The economy is giving us major anxiety right now. With a new Prime Minister and a new King, many of us are outraged at how the taxpayer’s money will leave the UK in debt post the Queen’s funeral and in a time of such rising energy bill costs this leaves the country in somewhat of an economic turmoil.
It may surprise you, then, as it did us, that ad budgets are increasing in a time when the consumer’s spending abilities are decreasing. 85% of advertisers are highly concerned about the effect inflation will have on their business performance. For enterprises (with a revenue of $500 million-plus), that number jumps as high as 91%.
Furthermore, 71% of marketers struggle to maintain an accurate, useful consumer ID throughout changes over time, and nearly half of marketers feel that the information they are trying to access (when building the best audiences and powering effective marketing campaigns) is hard to find.
If there’s anything that we learnt from Covid it’s that unprecedented circumstances often force change, and force that change to happen quickly. Now is the time to address your blockers to enable capabilities to power true customer-centricity. Now, post pandemic, brands face a trifecta of hurdles: the rise of inflation, continuing supply chain issues and the end of third-party cookies—all overlapping. As many as 86% of brands even feel that the way they interact with customers has permanently changed due to the pandemic.
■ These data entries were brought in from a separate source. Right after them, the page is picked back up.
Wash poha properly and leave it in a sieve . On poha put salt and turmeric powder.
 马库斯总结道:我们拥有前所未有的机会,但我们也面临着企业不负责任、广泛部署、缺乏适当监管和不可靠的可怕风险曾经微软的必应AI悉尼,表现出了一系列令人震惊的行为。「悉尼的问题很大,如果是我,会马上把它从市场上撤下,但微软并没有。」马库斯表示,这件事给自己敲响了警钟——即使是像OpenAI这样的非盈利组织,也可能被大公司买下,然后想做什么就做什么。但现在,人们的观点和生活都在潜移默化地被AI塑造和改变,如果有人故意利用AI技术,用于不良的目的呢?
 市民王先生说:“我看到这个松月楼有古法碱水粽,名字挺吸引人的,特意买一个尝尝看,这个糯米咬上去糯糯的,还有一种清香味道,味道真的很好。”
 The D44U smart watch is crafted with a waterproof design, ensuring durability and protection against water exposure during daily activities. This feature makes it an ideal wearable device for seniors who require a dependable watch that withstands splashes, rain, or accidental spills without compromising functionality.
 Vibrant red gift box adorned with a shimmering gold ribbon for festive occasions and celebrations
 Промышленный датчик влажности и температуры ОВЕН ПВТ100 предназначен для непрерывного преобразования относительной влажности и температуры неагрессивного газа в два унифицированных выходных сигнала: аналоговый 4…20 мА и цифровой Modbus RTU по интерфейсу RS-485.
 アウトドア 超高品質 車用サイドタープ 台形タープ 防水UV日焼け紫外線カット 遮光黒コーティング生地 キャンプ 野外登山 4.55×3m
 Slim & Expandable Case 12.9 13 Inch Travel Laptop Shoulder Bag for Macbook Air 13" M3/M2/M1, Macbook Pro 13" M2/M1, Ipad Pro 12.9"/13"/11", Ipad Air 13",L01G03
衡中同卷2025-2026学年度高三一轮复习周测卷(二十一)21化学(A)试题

Brands are therefore spending more money in an attempt to overcome this hurdle by investing in the tools needed to gain a deep and meaningful understanding of their customers will be more likely to see success when it comes to meeting those customers where they are, meaning brands can serve them with the right messages, on the right channel, at the right time.
The answer lies in operating with a mindset focused on delivering the best experience for your customers, that can also deliver on your bottom line. Customer-centricity isn’t just about mastering the basics of personalization against traditional segmentation (which is built around third-party demographic data). It’s about thinking beyond that.
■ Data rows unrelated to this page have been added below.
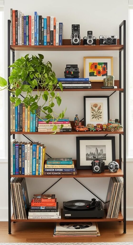 This is where your bookshelf transforms from storage into decor. The key is balancing books with breathing room and decorative elements.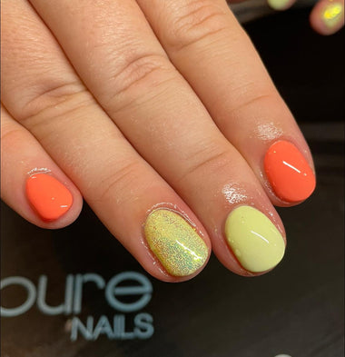 5. Use Halo Elite Yellow Block (220 Grit) to remove any stubborn bits of gel. Apply Halo Citrus Crush Cuticle Oil to nourish.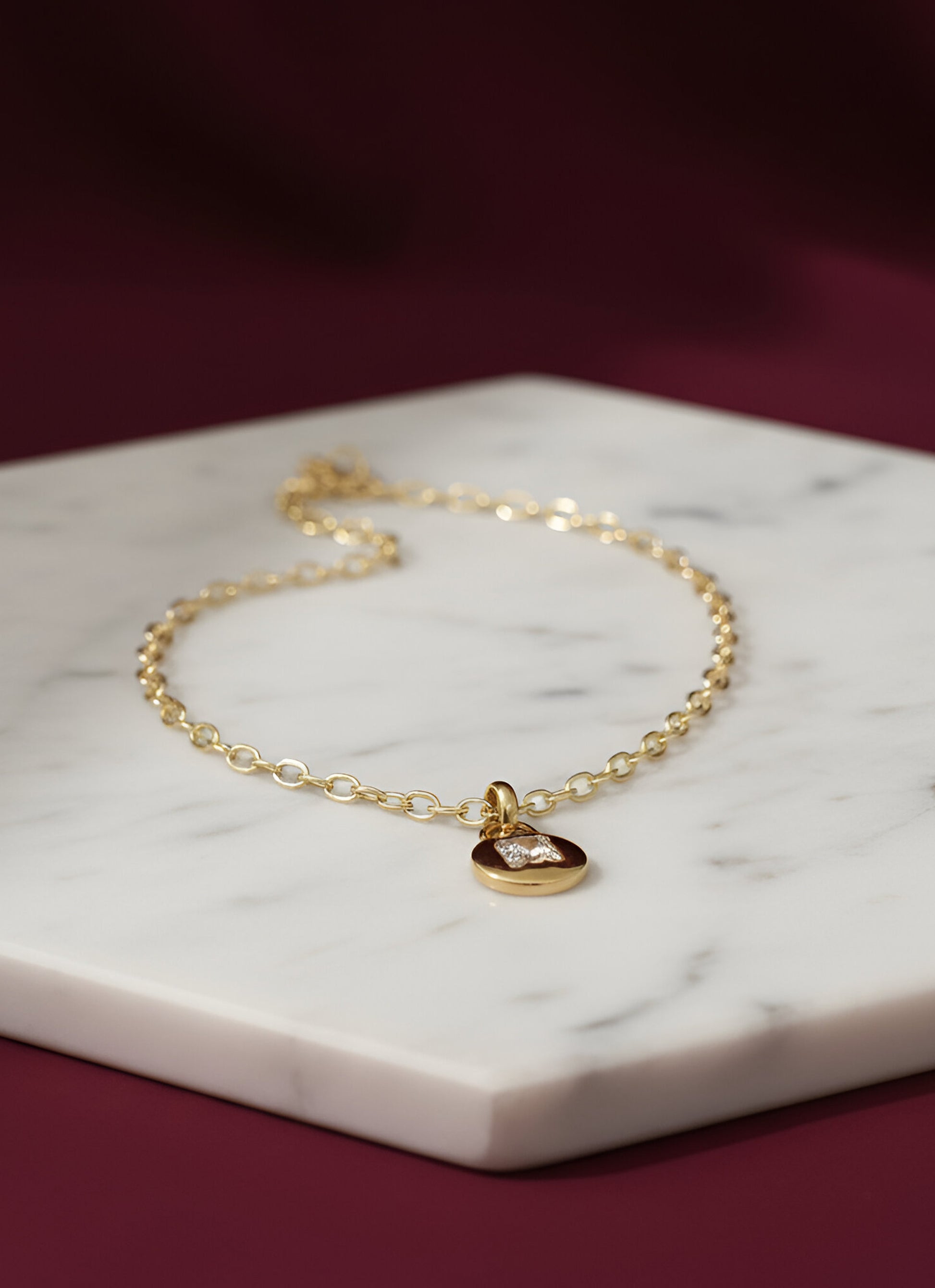 Catena realizzata in argento 925 con doratura in 18 carati, lunghezza della catena 42 cm regolabile fino a 45 cm
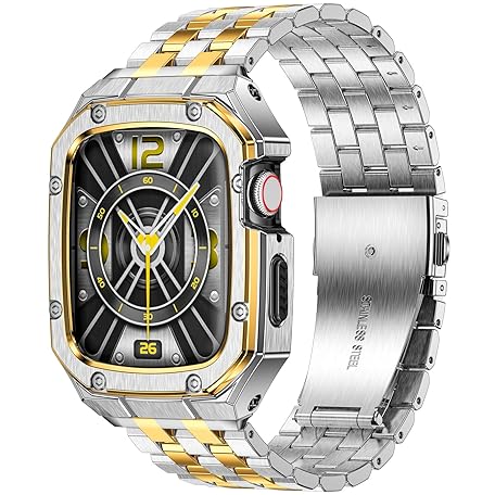 MioHHR Edelstahl-Uhrengehäuse mit Bändern, kompatibel mit Apple Watch Band 46 mm, Metallabdeckung, Stoßfänger mit iWatch-Bändern für Apple Watch Serie 10, 46 mm, Silber/Gold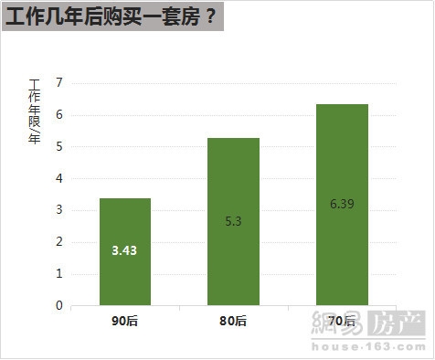 关于购房年龄,70后平均在工作的第6.39年后购买一套房,80后为5.3年,而90后进度最快,为3.43年。

When brands use consented first-party data to resolve customer identities, they can merge behavioural history onto those profiles, thus becoming equipped with both reliable, cookieless customer identifiers, and a foundational data set that enables audience segments to be created to activate in their downstream tools.
What’s promising is that brands aren’t shying away from the right investments, even in the face of economic uncertainty. As many as 57% of advertisers are boosting paid search spend. Others are investing in technology or in processes that will move the needle closer to their goal.